---------- Stored data

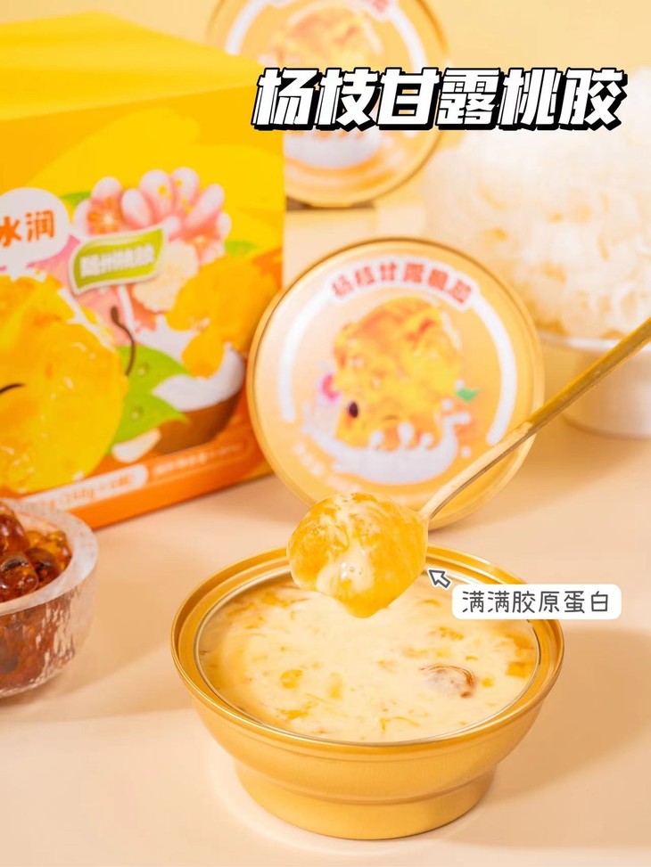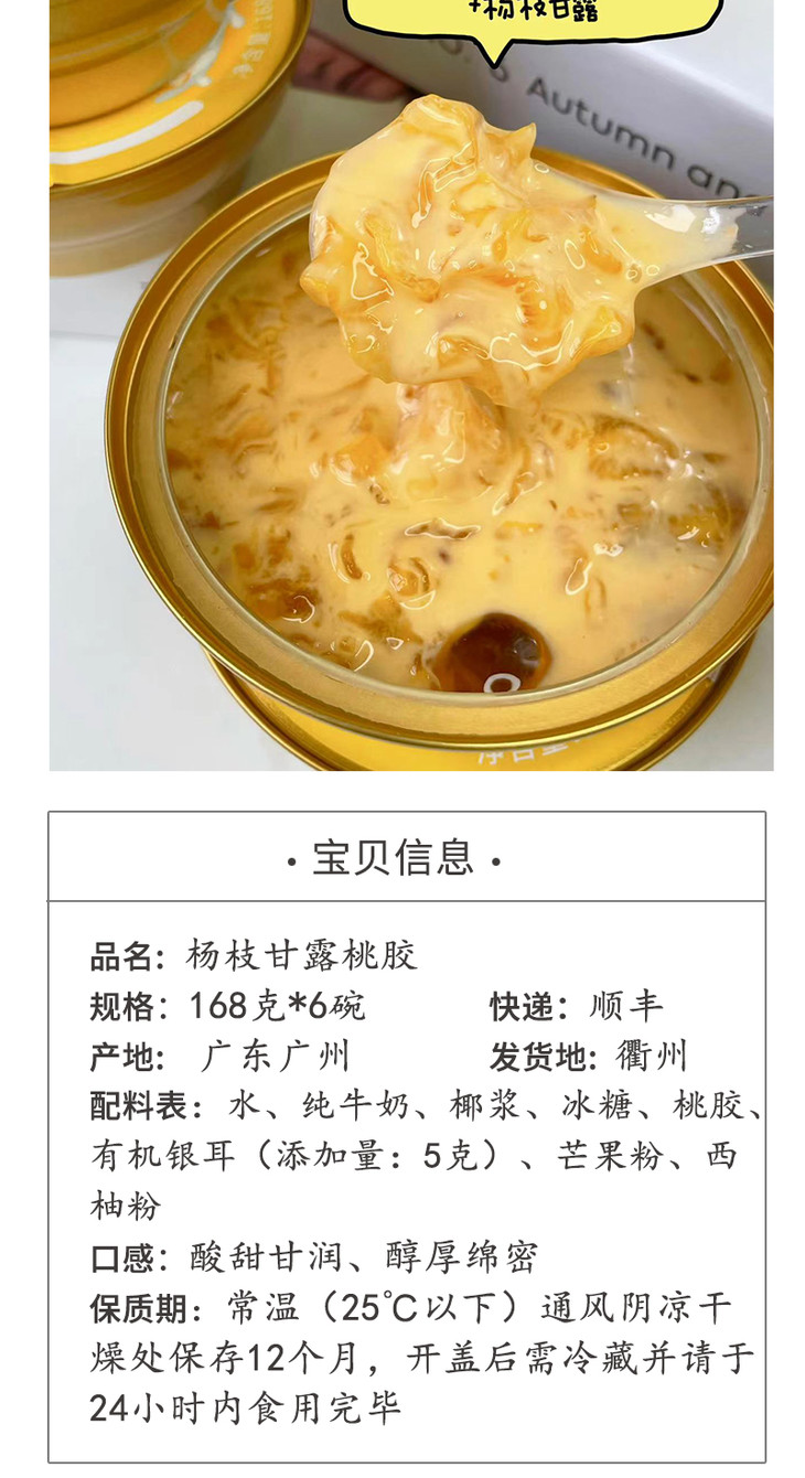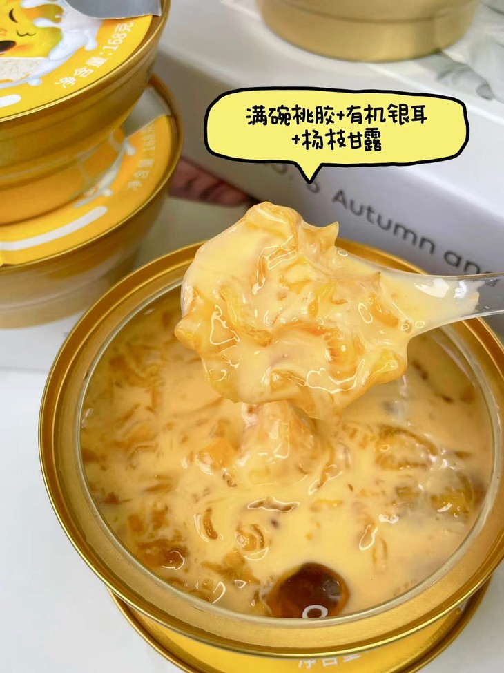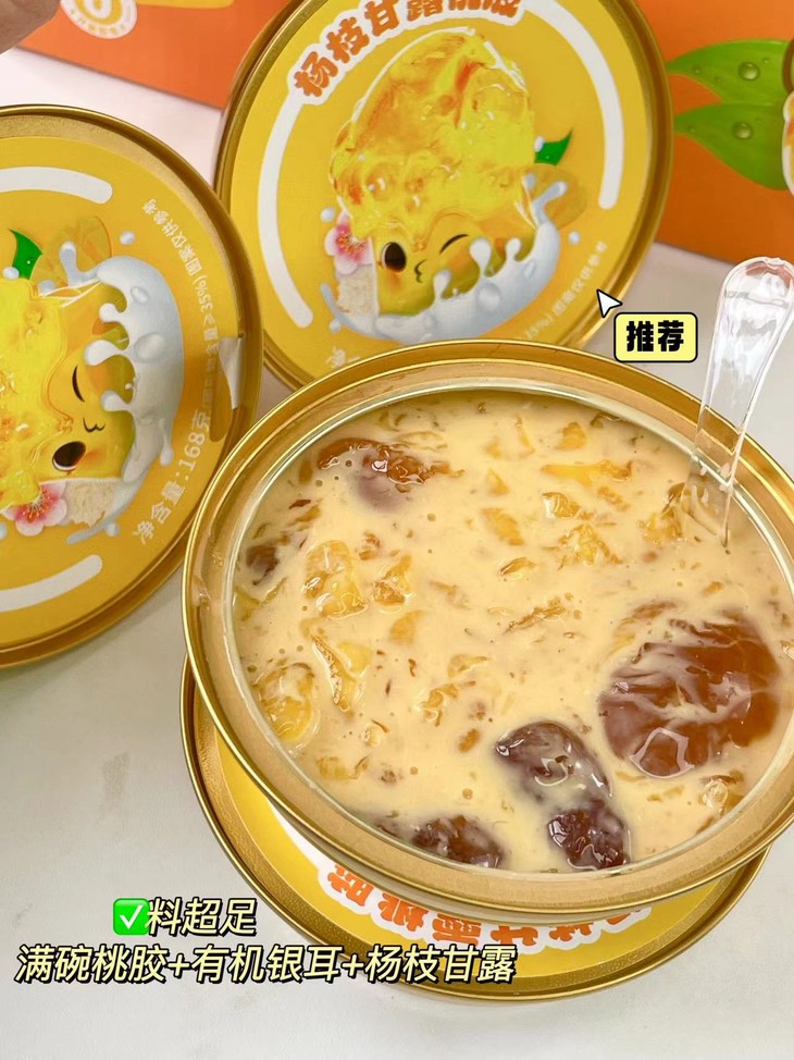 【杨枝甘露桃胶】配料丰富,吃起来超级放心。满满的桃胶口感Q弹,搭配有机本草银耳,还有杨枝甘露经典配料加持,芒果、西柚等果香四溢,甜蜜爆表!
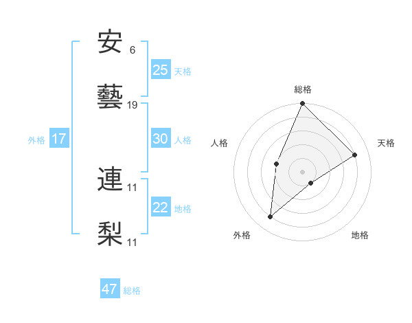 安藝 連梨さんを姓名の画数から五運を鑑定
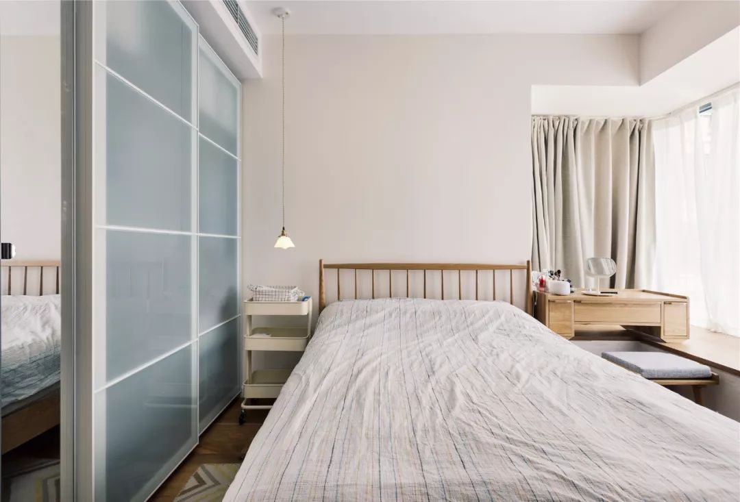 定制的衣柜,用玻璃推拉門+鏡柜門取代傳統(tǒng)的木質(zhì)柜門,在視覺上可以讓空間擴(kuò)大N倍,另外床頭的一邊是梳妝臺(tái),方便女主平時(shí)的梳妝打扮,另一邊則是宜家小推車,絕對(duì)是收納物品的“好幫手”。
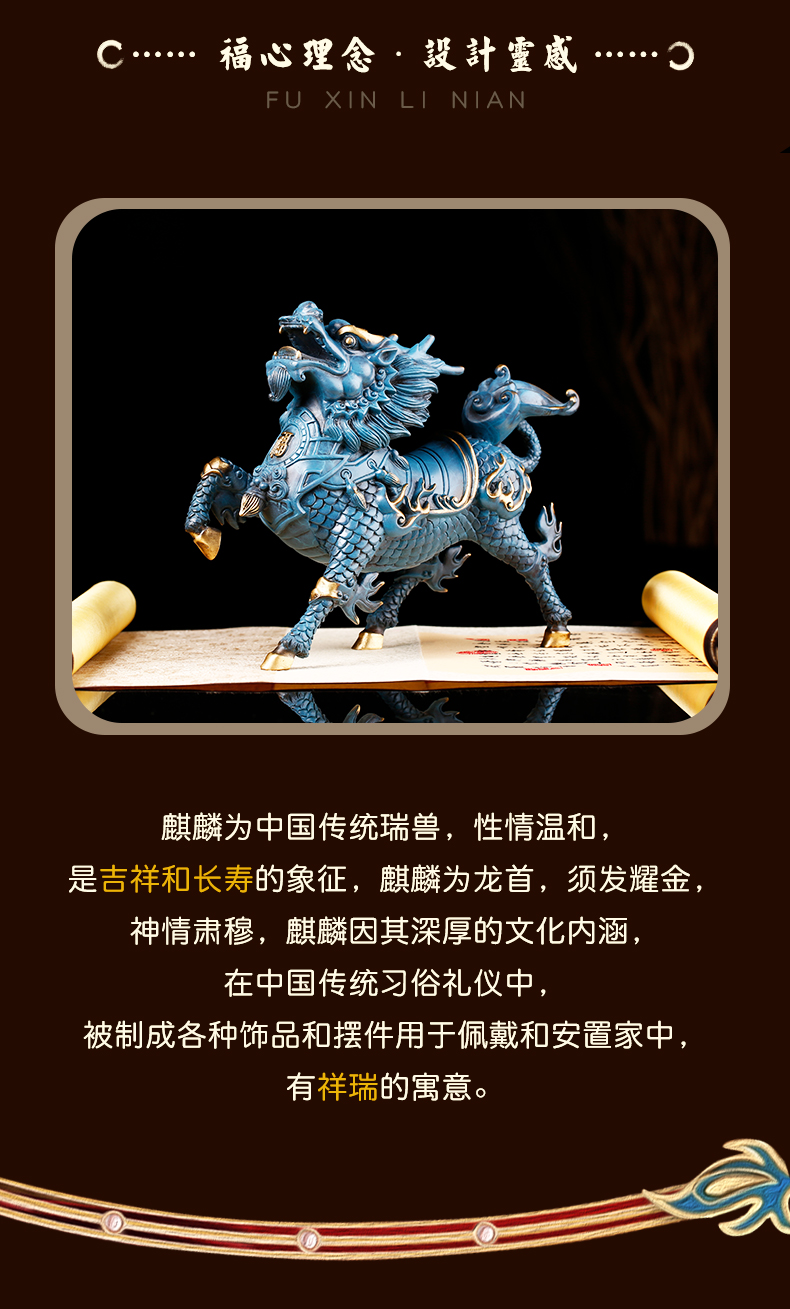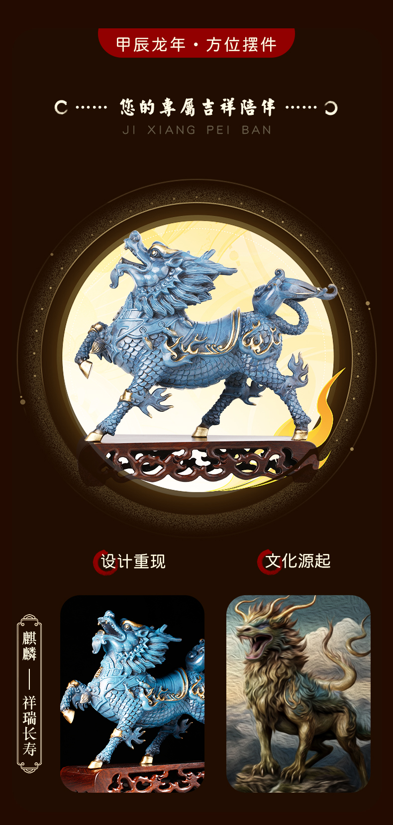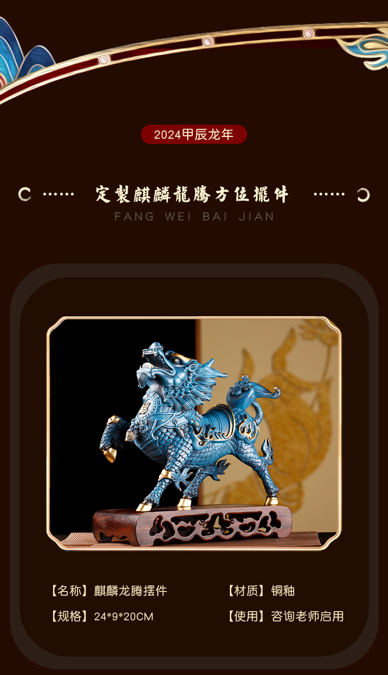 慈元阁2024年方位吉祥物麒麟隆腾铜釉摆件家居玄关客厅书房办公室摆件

--------------------

- [Task brief]: All lines of the material above should be returned unchanged, but no pictures should be included.

- [Task response]:
 【杨枝甘露桃胶】配料丰富,吃起来超级放心。满满的桃胶口感Q弹,搭配有机本草银耳,还有杨枝甘露经典配料加持,芒果、西柚等果香四溢,甜蜜爆表!
 安藝 連梨さんを姓名の画数から五運を鑑定
 定制的衣柜,用玻璃推拉門+鏡柜門取代傳統(tǒng)的木質(zhì)柜門,在視覺上可以讓空間擴(kuò)大N倍,另外床頭的一邊是梳妝臺(tái),方便女主平時(shí)的梳妝打扮,另一邊則是宜家小推車,絕對(duì)是收納物品的“好幫手”。
 慈元阁2024年方位吉祥物麒麟隆腾铜釉摆件家居玄关客厅书房办公室摆件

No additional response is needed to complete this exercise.